╭──

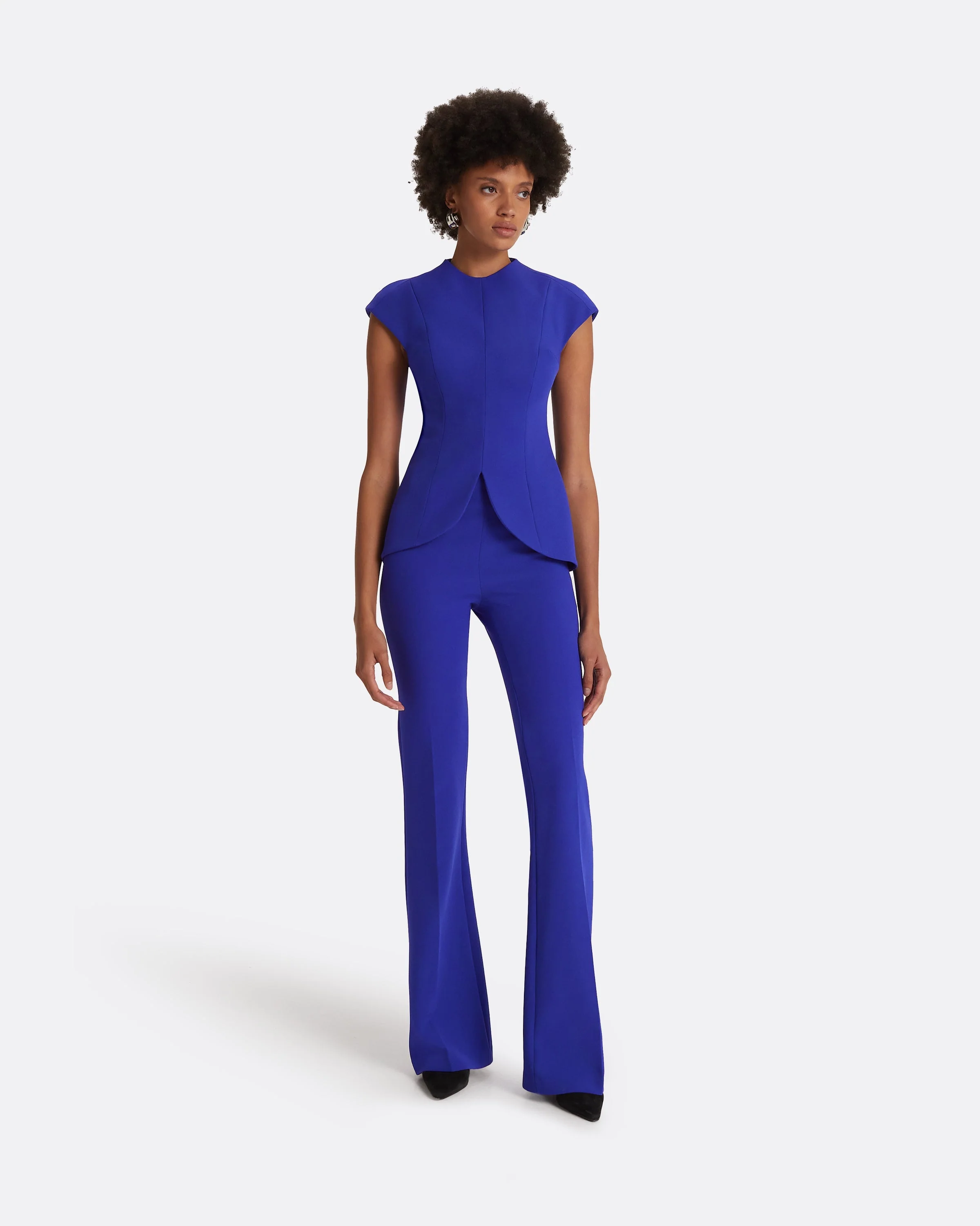 A Safiyaa Icon, the Alexa trousers in azure blue are tailored with clarity and ease. Their clean lines and subtly defined silhouette bring a composed energy to modern dressing.
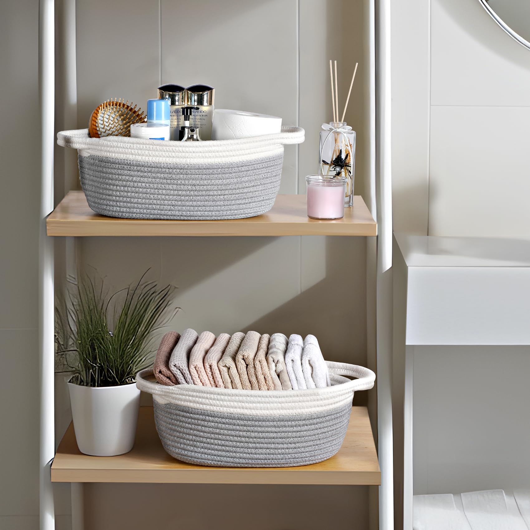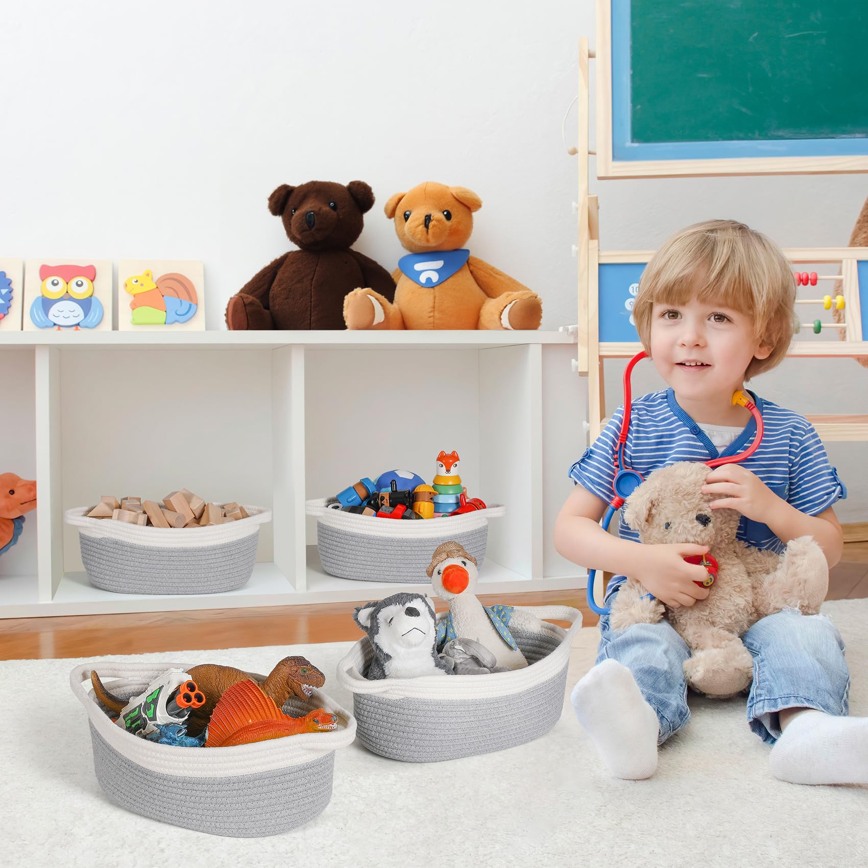 - Organic Cotton Woven: Our small woven basket is made of 100% organic cotton, 4 Pack grey 12'x 8'x 5', this makes the material incredibly soft and gentle, ensuring its safety for babies. The natural cotton rope used in weaving is free of harsh chemicals, making it a reassuring choice for families with young ones.
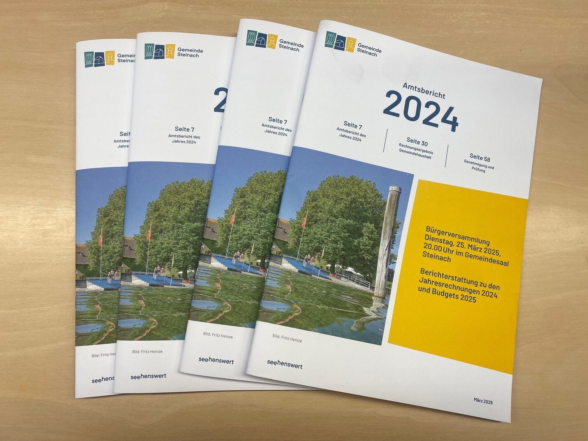 Der Amtsbericht 2024 wurde am Freitag 07. März 2025 in alle Steinacher Haushalte zugestellt. Zusätzliche Exemplare können bei der Gemeindeverwaltung angefordert werden: T 071 447 23 60 oder kanzlei@steinach.ch.

╰──

Problem details ::
Reproduce the listing verbatim, pictures excluded.

Your response ::
 A Safiyaa Icon, the Alexa trousers in azure blue are tailored with clarity and ease. Their clean lines and subtly defined silhouette bring a composed energy to modern dressing.
 - Organic Cotton Woven: Our small woven basket is made of 100% organic cotton, 4 Pack grey 12'x 8'x 5', this makes the material incredibly soft and gentle, ensuring its safety for babies. The natural cotton rope used in weaving is free of harsh chemicals, making it a reassuring choice for families with young ones.
 Der Amtsbericht 2024 wurde am Freitag 07. März 2025 in alle Steinacher Haushalte zugestellt. Zusätzliche Exemplare können bei der Gemeindeverwaltung angefordert werden: T 071 447 23 60 oder kanzlei@steinach.ch.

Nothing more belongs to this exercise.